The following traits, unless combined with the characteristics above, do NOT make a health professional a quack:

  • Using unconventional treatments which include but are not limited to nutritional supplements, acupuncture, chelation, neurofeedback, stem cell therapy, prolotherapy, herbs, hydrotherapy, microcurrents, chiropractic, massage, neuromuscular integration, homeopathy, detoxification, psychoneuroimmunology, etc.
  • Working to restore subtle imbalances in the body which are not commonly understood to be tied to current disease symptoms.
  • Using unconventional testing such as nutritional tests, computer frequency testing, thermography, hair mineral analysis and kneisiology.
  • Paying attention to well-controlled studies conducted in foreign countries.

Often doctors with unconventional practices are reported to medical boards by other doctors who are upset that the targeted doc dares to heal patients using methods that the complainant is unfamiliar with.
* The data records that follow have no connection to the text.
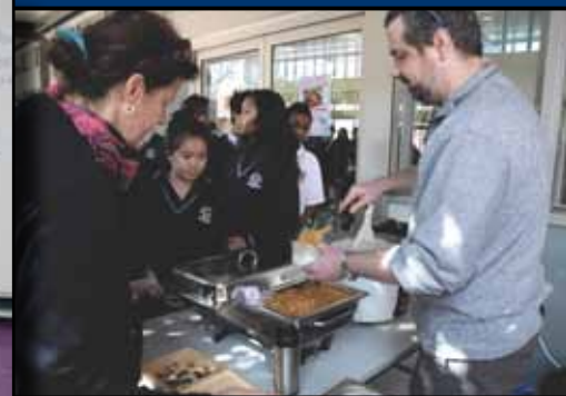
Indonesia - Curry
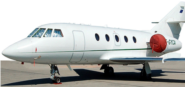
Falcon Engine Cover & Cockpit HeatShields

The Falcon Jet 20 (HU-25) Bikini Style Engine Covers are a single-piece design using a soft and smooth stretchy and fabric. The cover stretches tightly over both the intake and exhaust, installing quickly and easily. These covers are designed to be used as hangar dust covers and have a useful life of approximately one year.
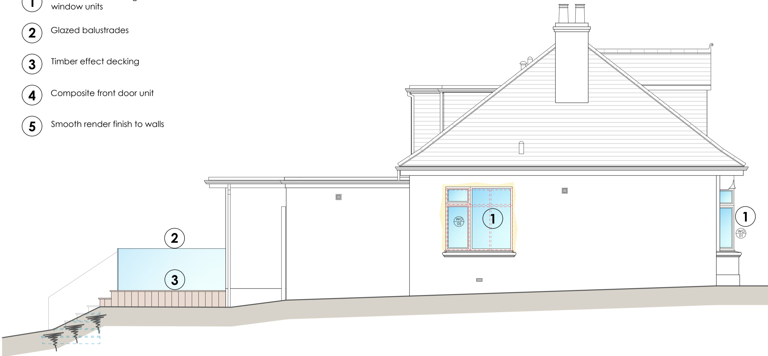
West Elevation 1:50
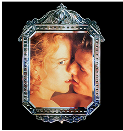
Promotional images for the movie feature Alice kissing Bill but looking at herself in the mirror, almost as if she was seeing an alternate reality.

While the couple shows signs of fatigue, Bill and Alice put on their “happy masks” when it is time to attend social events. Like the elite people they socialize with, there is a big difference between the facade they put on and reality.
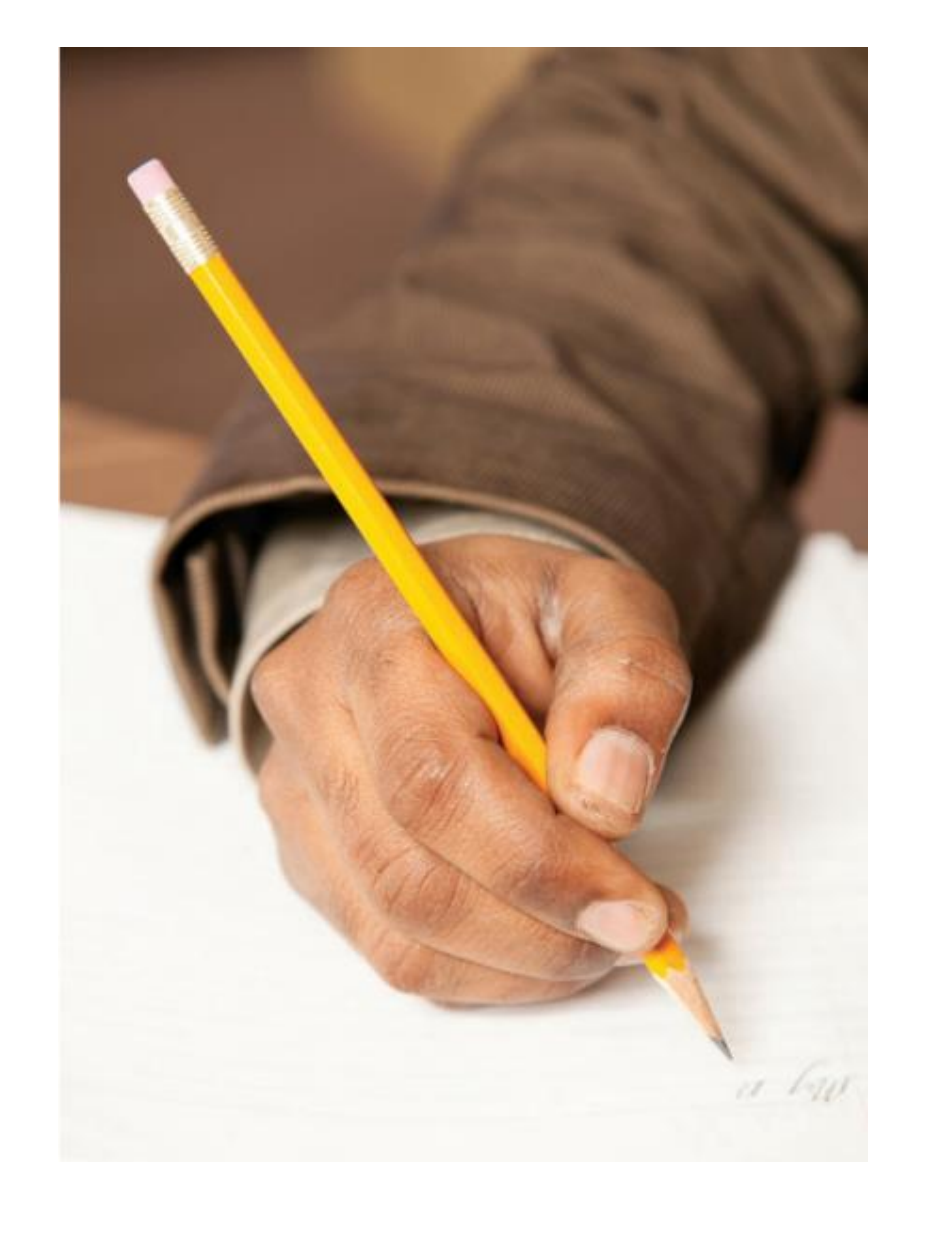
The students take out pencils.
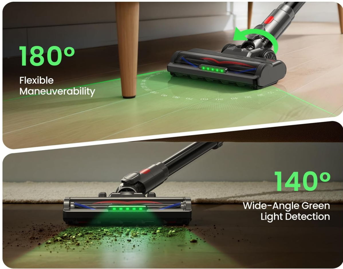
Figure 4: Green light revealing hidden dust under furniture.

140° Wide-Angle Green Light Detection – Finds Dust You Can't See
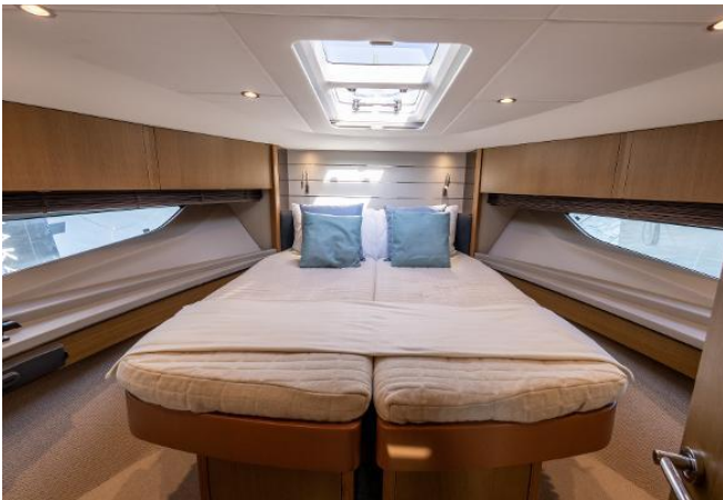
Princess V58 Open
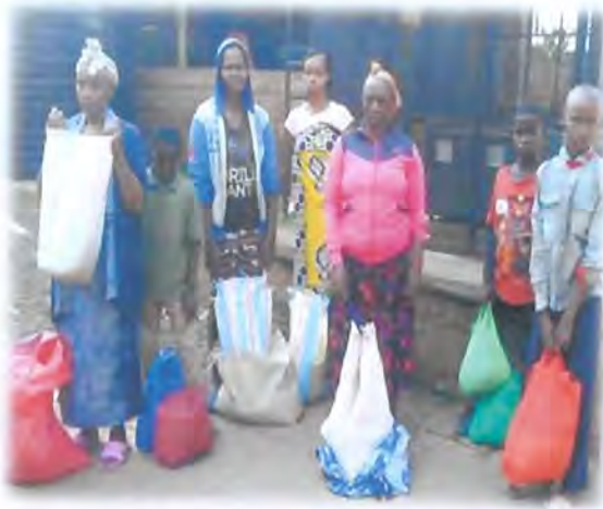
Families at Sancta Maria Mukuru Kayaba School

There was a second family of five members where the father has been jobless, the mother does bead work to make a living and the little she receives supports the family. For the month of March, she had no income as there is no one who can now buy her bead work. To her the food will help the family for some time but only hopes that the situation in the country gets better. Life at the moment is not easy for the family.
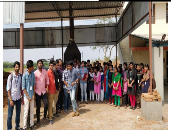
Business/Industrial Visit at Geranoil Company

It is about competition. (E.g. why so far naturopathic physicians can only obtain a license to practice in about half the states.) The medical boards typically cannot find patients who were harmed, so after a witch hunt through the medical office, censure the doc based on some trivial record keeping violation. I contend that there is probably not a single physician of any stripe who does not have a record keeping oops somewhere in the files. Defending themselves from such an investigation can cost a practitioner tens of thousands of dollars.